WORK INSTRUCTIONS: Copy exactly the lines from the one containing "现在,如果我们想在围绕特定轴" through the last line of the records below, including both, and leave out any pictures.

[[ MATERIAL PROVIDED open ]]

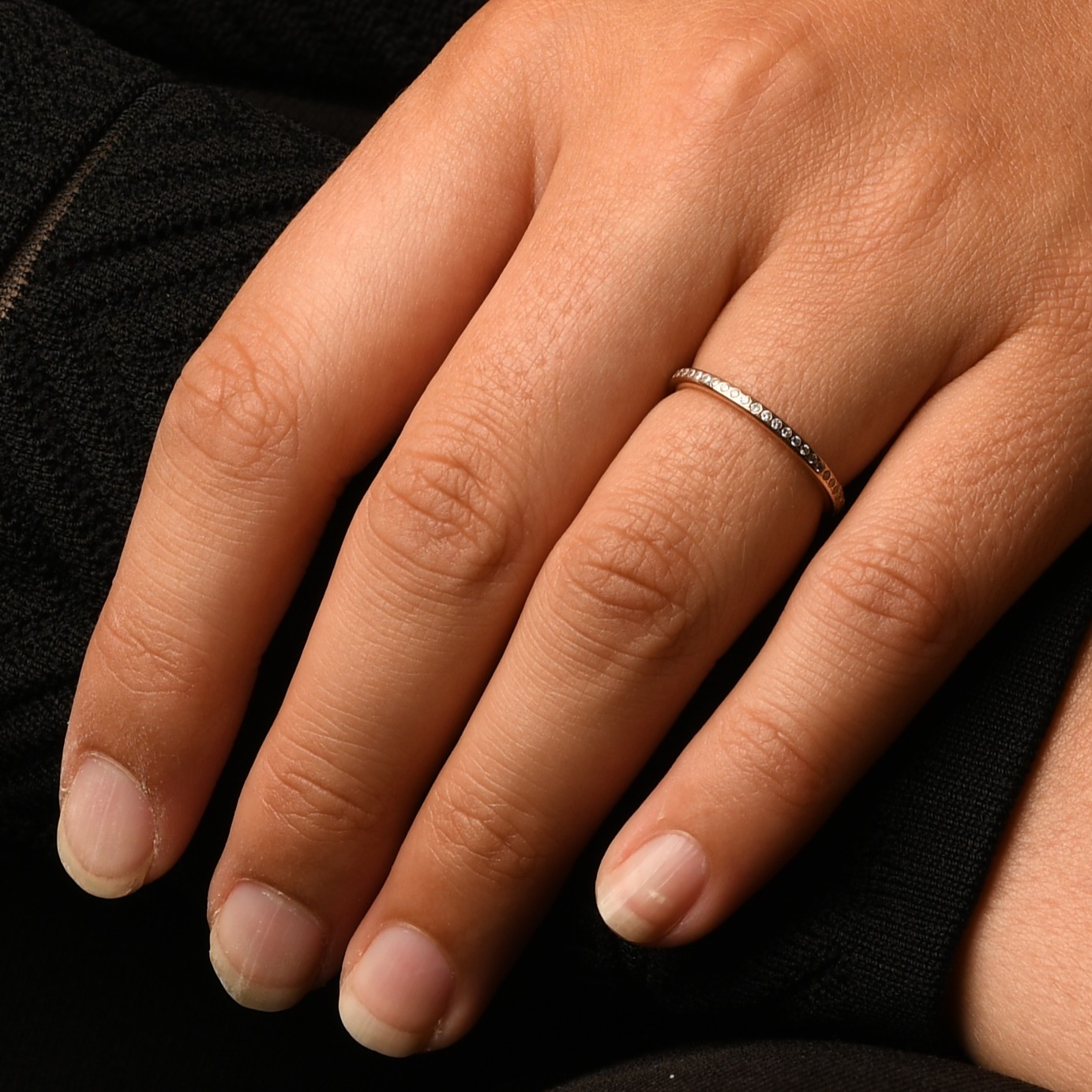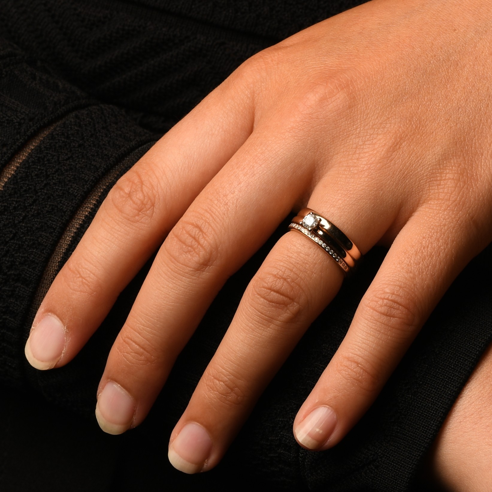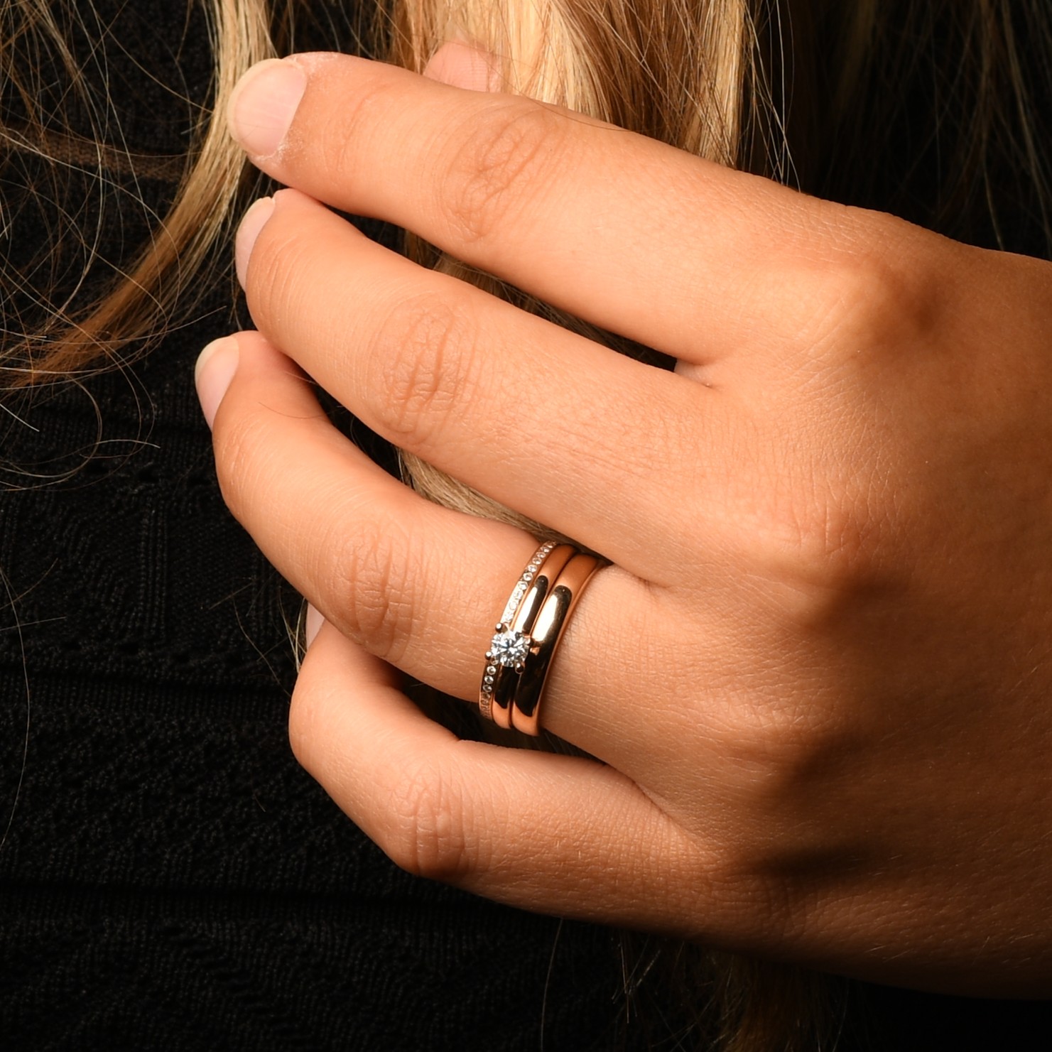 Maak de set compleet met een bijpassende aanschuifring: een verfijnde memoire ring bezet met 26 briljant geslepen diamanten van elk 0,005 ct, met een totaalgewicht van 0,13 ct. De diamanten hebben een zuiverheid van VS2 en kleur G, voor een subtiele, sprankelende toevoeging die perfect harmonieert met de trouwringen.
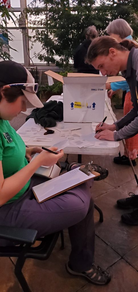 Senior Butterfly Curator Mary Lincoln (that’s me!) and Seasonal Butterfly Curator Tyler Crossen working to identify and record captured butterflies.
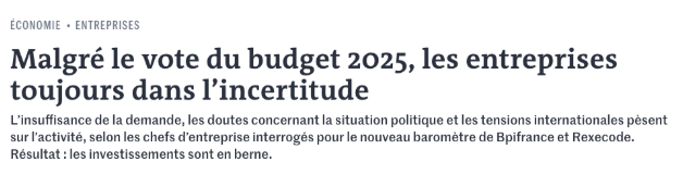 Pire encore : plus de 6 chefs d’entreprise sur 10 “ne veulent plus recruter” à cause de l’instabilité politique et économique. Les projets d’embauche sont repoussés ou annulés.
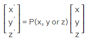 现在,如果我们想在围绕特定轴旋转后找到向量(x,y,z)的新坐标(x',y',z'),我们遵循以下公式:
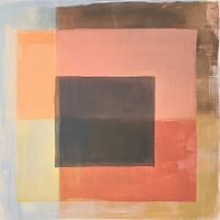 Overlappende Vierkanten | Quiet Color Harmony - Dit abstract schilderij toont een compositie van overlappende vierkanten en rechthoeken in rustgevende tonen van oranje, beige en een diep donkerbruin, die samen een gelaagd en harmonisch geheel vormen.
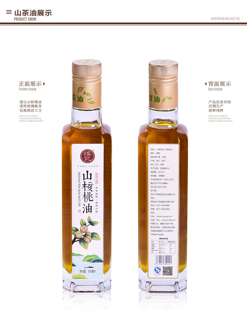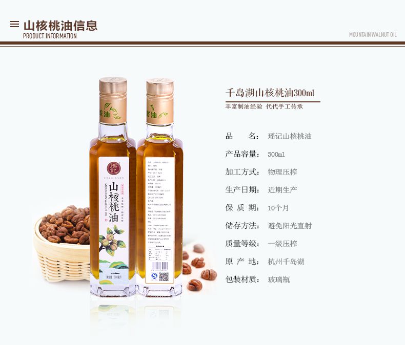 孕妇山核桃油宝宝核桃油物理压榨凉拌油食用油
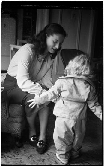 Show Girl [Rosemary Williams zipping a child's jacket.]

[[ MATERIAL PROVIDED closed ]]

EXPECTED ANSWER:
 现在,如果我们想在围绕特定轴旋转后找到向量(x,y,z)的新坐标(x',y',z'),我们遵循以下公式:
 Overlappende Vierkanten | Quiet Color Harmony - Dit abstract schilderij toont een compositie van overlappende vierkanten en rechthoeken in rustgevende tonen van oranje, beige en een diep donkerbruin, die samen een gelaagd en harmonisch geheel vormen.
 孕妇山核桃油宝宝核桃油物理压榨凉拌油食用油
 Show Girl [Rosemary Williams zipping a child's jacket.]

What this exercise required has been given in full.